31 Days {day 24}: Autumn begins

This post is lovingly ghost-written by Big Friend so an exhausted Beth could take a much-needed day off.

In Western Pennsylvania and Eastern Ohio, high school football rules Friday night in a way that can only be rivaled by West Texas.  This poem captures the feeling of this part of the country, filled with cool nights and Eastern European immigrants in a magical way.

As soon as the leaves begin to fall and the crisp air hits my noise I start thinking about ‘Polacks nursing long beers’ and bodies that ‘gallop terribly’ into one another.  There is truly nothing like football in the fall in Western Pennsylvania.

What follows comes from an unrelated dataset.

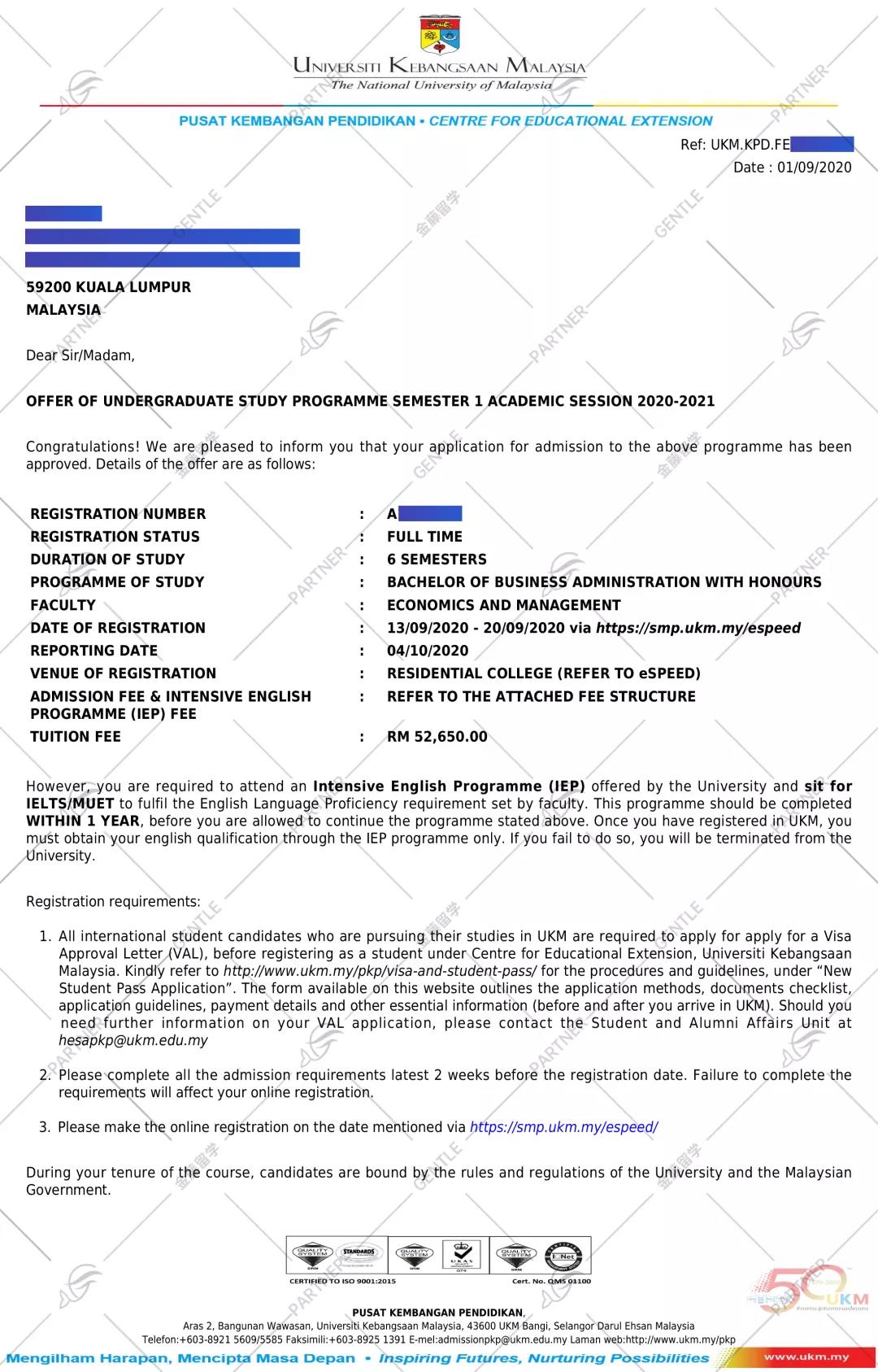 录取情况:马来西亚国立大学工商管理荣誉学位
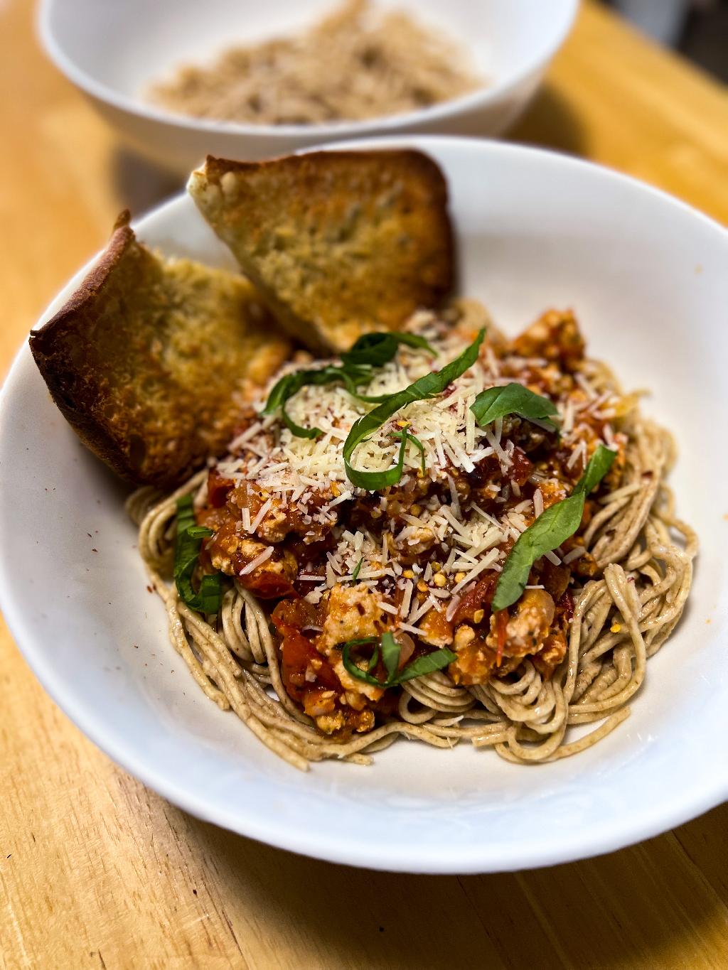 Step #32 Top noodles with our pasta sauce and garnish with freshly grated parmesan cheese and fresh basil.

James Wright honors and mourns the lives of these hard working Americans who look for hope and a way out through their children, but for every Montana and Marino there are thousands of others that never find their way out.

 

Autumn Begins in Martins Ferry, Ohio | James Wright

In the Shreve High football stadium,

I think of Polacks nursing long beers in Tiltonsville,

And gray faces of Negroes in the blast furnace at Benwood,

And the ruptured night watchman of Wheeling Steel,

Dreaming of heroes.

 

All the proud fathers are ashamed to go home.

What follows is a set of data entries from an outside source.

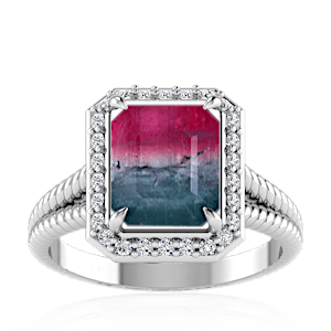10.57ct Bi Colour Tourmaline set in Split Serpent Halo Natural Diamond Ring
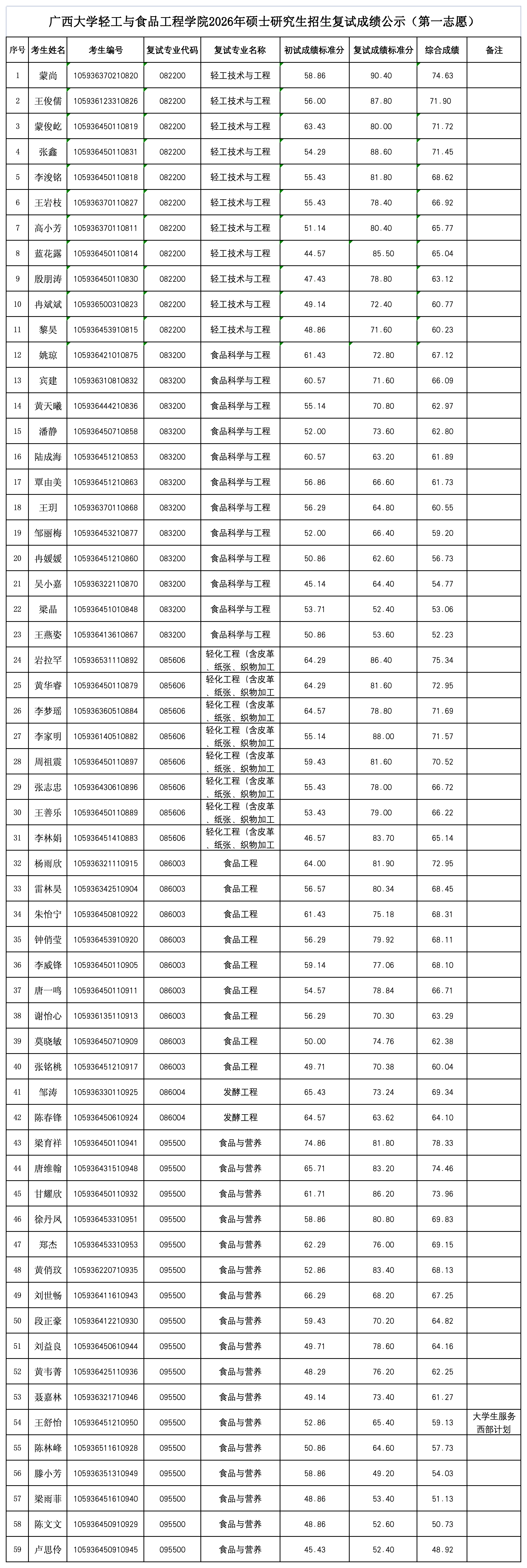根据《轻工与食品工程学院2026年硕士研究生招生复试录取实施细则》的要求,我院于2026年3月29日组织2026年硕士研究生招生复试工作。现将复试成绩(第一志愿)予以公布。复试成绩详见下表。
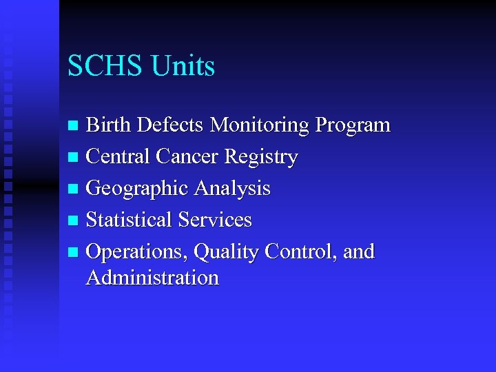 SCHS Units Birth Defects Monitoring Program n Central Cancer Registry n Geographic Analysis n Statistical Services n Operations, Quality Control, and Administration n
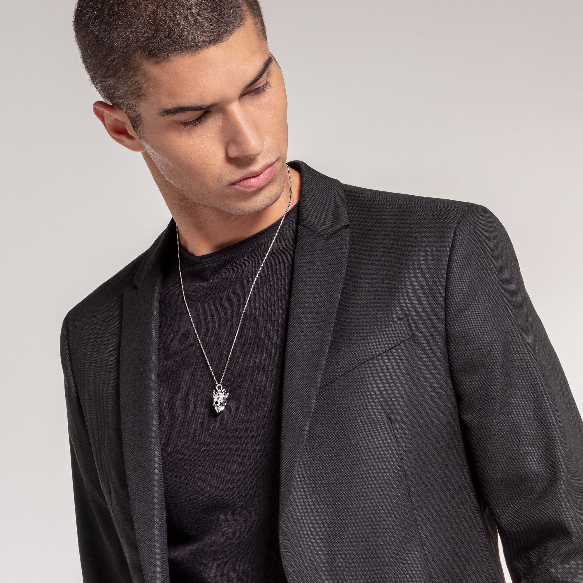 Bijou chargé de sens : ce pendentif en tête de mort est décliné dans le design « skull » résolument rock de THOMAS SABO. Fait main, avec une couronne incrustée de pierres, il symbolise la force et la puissance. Un bijou à l’attitude affirmée qui attire forcément tous les regards.
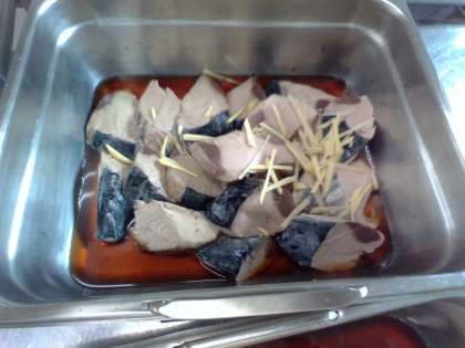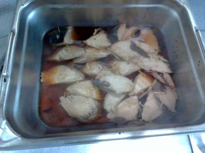 今日は「なまりぶしのしょうが煮、なめこのみそ汁、ほうれんそうのごまあえ、ごはん、牛乳」でした。なまりぶしは、しょうがの香りがよく、よく煮含めてありごはんによく合いました。なまりぶしは冷凍のもの(写真上)が届き、一クラスずつ、ミニバットに入れてしょうが、調味液を加えて(写真中)焼き物機で煮ました。(写真下)

Their women cluck like starved pullets,

Dying for love.

 

Therefore,

Their sons grow suicidally beautiful

At the beginning of October,

And gallop terribly against each other’s bodies.


2 Comments

  1. Jo said:

    Good job, Big Friend! Very cool. But boy am I glad you have daughters!!

    October 25, 2012
    Reply
  2. Melissa said:

    Ah, one of my all-time favorite poems.